In September 1894 Second Lieutenant Josef Kolbe joined the companies of his 50th Infantry Regiment garrisoned in Fogarasch (Hungarian: Fogaras / Romanian: Făgăraș), Transylvania. He was destined to spend the next seventeen years in this easternmost territory of the Austro-Hungarian Empire until his marriage in September 1911 to Emilie Däubel, who came from a long established family of Transylvanian Saxon settlers.
The region that came to be known as Transylvania had been the theatre of numerous invasions and colonisations from east and west, before it was conquered by the Hungarians in c895. The Hungarian speaking Székelys were subsequently settled on its sparsely populated land to secure it from further invasion. They were followed in the middle of the 12th century by German speaking farmers, miners and craftsmen, mostly from the western side of the middle and lower Rhine. The Hungarian King Géza II had invited them with the similar intention of forming a bulwark against raiders, but also to cultivate the land and develop the economy.
The German settlers came to be known as the “Siebenbürger Sachsen”, the Saxons of Transylvania. The name Saxon was not an indicator of their origins but rather the Latin name for a privileged German warrior class, and the term came to be applied to the German settlers, even eventually by the settlers themselves. The origin of the name Siebenbürgen, which is still an open question, is widely held to stem from the seven towns founded by the Transylvanian Saxons, one of which was Kronstadt (Brassó / Brașov), where the earliest recorded member of the Däubel family is mentioned in the church registers.

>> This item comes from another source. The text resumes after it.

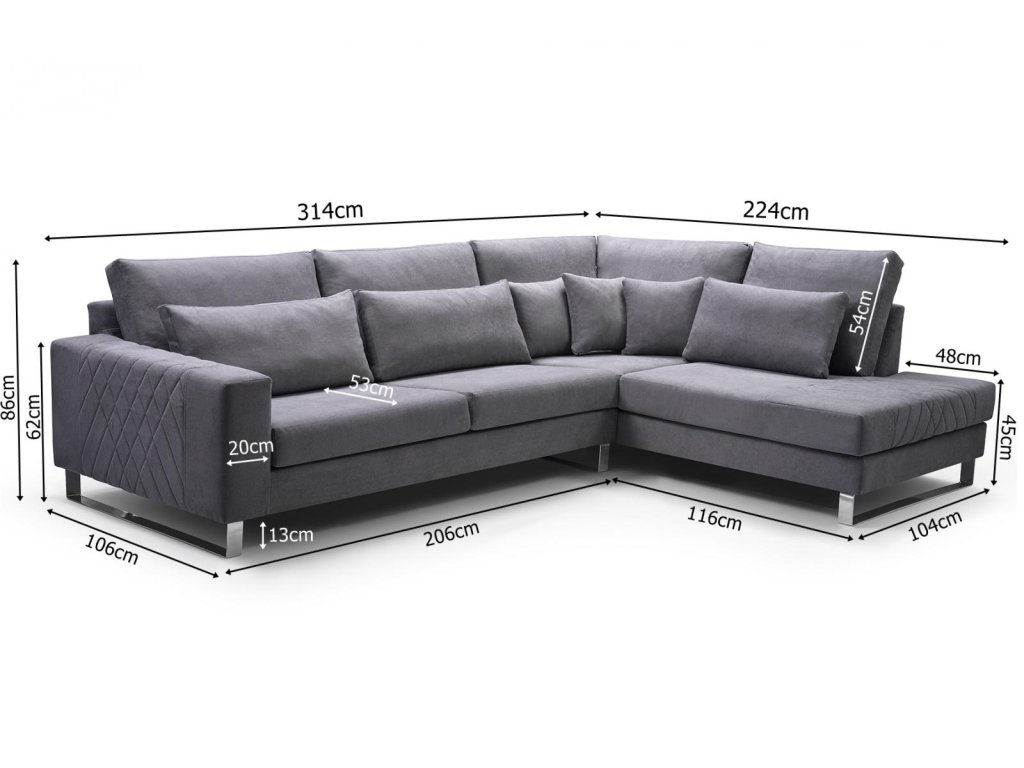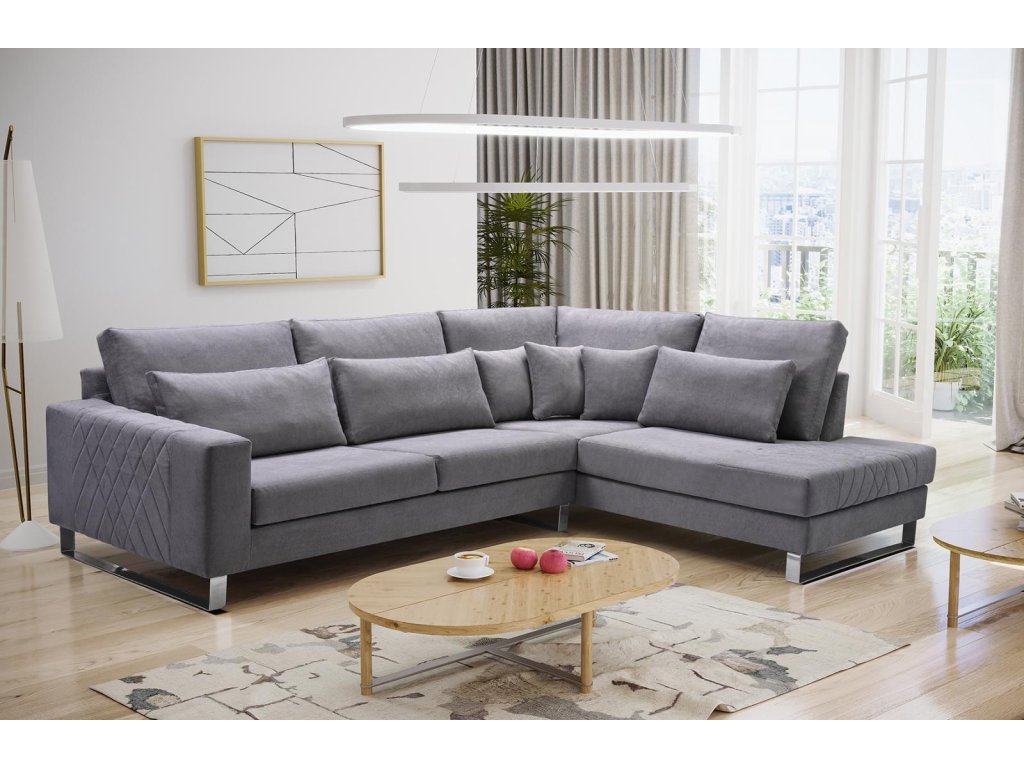 Souprava je dostupná v pravém i levém provedení a obsahuje všechny polštáře zobrazené na fotografii. Ostatní dekorace nejsou součástí.

Each Transylvanian Saxon village had its fortified church, which had lodgings and storerooms built into the inner sides of the surrounding wall where the population could take refuge when danger threatened. The main threat came from the east, and the Hungarians were defeated by the Turks at the battle of Mohács, when Transylvania became an Ottoman vassal state, though it maintained its internal autonomy. Habsburgs and Ottomans vied for its supremacy for nearly two centuries, with the Habsburgs finally acquiring the territory shortly after the Battle of Vienna in 1683. In 1699 the Turks officially conceded their loss of Transylvania and in 1867 it was absorbed into the Hungarian part of the newly established Austro-Hungarian Empire.
The Transylvanian Saxons were originally catholic, but from 1546 embraced a version of Protestantism preached by Johannes Honterus, a Kronstadt man who had studied in various seats of learning in the Holy Roman Empire. The Black Church of Kronstadt was the first to be dedicated to the new Lutheran faith. Josef Kolbe became a convert in December 1904, not out of religious conviction, as he was extremely anti-church, but to fulfill a condition of marriage to Emilie Däubel.

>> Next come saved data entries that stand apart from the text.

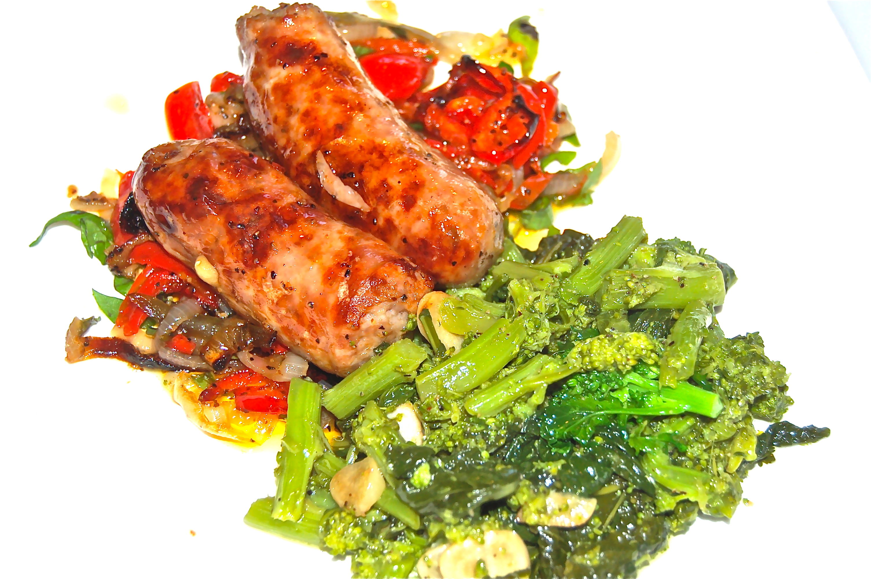 To say we love Italy and its diversity of foods would be an understatement. In the years of our visits, I thought I knew about Italian food. Actually, I knew very little. That is not to say that we didn’t dine across their spectrum of eateries. Lunches at a simple Trattoria or Taverna, dinner every evening at a fine Ristorante. And we ate very well. I had a friend who claimed “In Italy if you don’t see the cook in his undershirt, sweating over a blazing wood fire, grilling great scented meats, pass it by”. Sound advice. Last evening’s menu, oven roasted sausage with onions and peppers was a adapted from the most reliable Italian source, Rao’s Restaurant in NYC. The broccoli rabe is a dish that over timeI have refined and perfected .
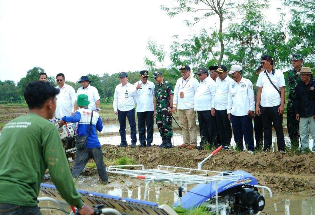 Kepala DKPP Indramayu, Sugeng Heriyanto tinjau lokasi pertanian di Kabupaten Indramayu. (Foto: Agus Sugianto/FC)
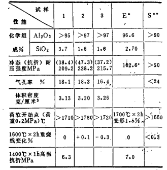 試樣配好經(jīng)混合后,用顆粒澆注法制成25×25×140(mm)的試樣和36×50(mm)的試樣。干燥(110℃×12h)后在1500℃×3h下燒成、對三種試樣的性能進行了測定并與英國和蘇聯(lián)的同類產(chǎn)品性能做比較,結果列于表三。

Over the seventeen years he spent at the garrisons of Karlsburg (Gyulafehérvár / Alba Iulia), Kronstadt and in particular Fogarasch, Josef Kolbe came to consider Transylvania as his second home. He grew to love its wild, rugged beauty which, despite the ravages of communism, remains largely untouched to this day. He was never happier than when he was criss-crossing the countryside on foot, by bicycle, by ski or by raft. A keen mountaineer, speleologist and botanist, he also took a lively interest in history and archaeology, and was the founder of a number of clubs and a member of many others. During his peregrinations he was struck by the lack of a thorough and reliable guide book to reveal the natural beauty of Transylvania to the visitor, so in c1900 he took it upon himself to write a cyclist’s guide. It was obviously a success, as a second edition was published in 1902, keeping the same title but extending its scope to cover the then adjacent regions of Hungary, Bukovina and Romania for not only the cyclist, but the hiker and the general tourist. There were chapters on the history, geography, climate, population, agriculture, industry and tourism for each region, together with a detailed description of each itinerary and even a short trilingual table of useful phrases!

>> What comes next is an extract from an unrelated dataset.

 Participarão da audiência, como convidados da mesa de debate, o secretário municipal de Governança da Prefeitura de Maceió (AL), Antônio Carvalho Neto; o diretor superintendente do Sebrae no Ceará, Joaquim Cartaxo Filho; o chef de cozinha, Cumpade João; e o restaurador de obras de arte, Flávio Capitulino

It was while he was garrisoned at Fogarasch that Josef Kolbe must have met his future wife. Though the Däubels can be traced back to c1665 in Kronstadt, within a year of their marriage in 1874, Paul Adolf Däubel and his second wife Juliana Langer moved to Fogarasch, where their children were subsequently born. The Däubel family occupied a typical Transylvanian house on a road leading out of town towards the railway station, while Josef Kolbe was probably quartered in the moated fortress dating back to the 14th century that dominates the town centre (now a museum). As seen on an earlier page, the couple must have got to know each other at around the turn of the century and engaged shortly afterwards. It was an engagement that lasted about ten years, as Josef Kolbe was never able to meet the financial criteria required for officers to marry, even on his Captain’s salary. The only solution was for him to leave the army, a decision he found very difficult to take. Emilie remained loyal over the years, probably encouraged by her family, as an officer of the Austro-Hungarian army was considered a “good catch”. (Perhaps the shrewd Transylvanian Saxons had seen which way the wind was blowing; Emilie’s cousin Elisabeth Langer was also strongly encouraged to make a similar match and move to the Austrian heartland.) Josef was 38 and Emilie 34 when they were finally married at the Lutheran church of Fogarasch on 21 September 1911.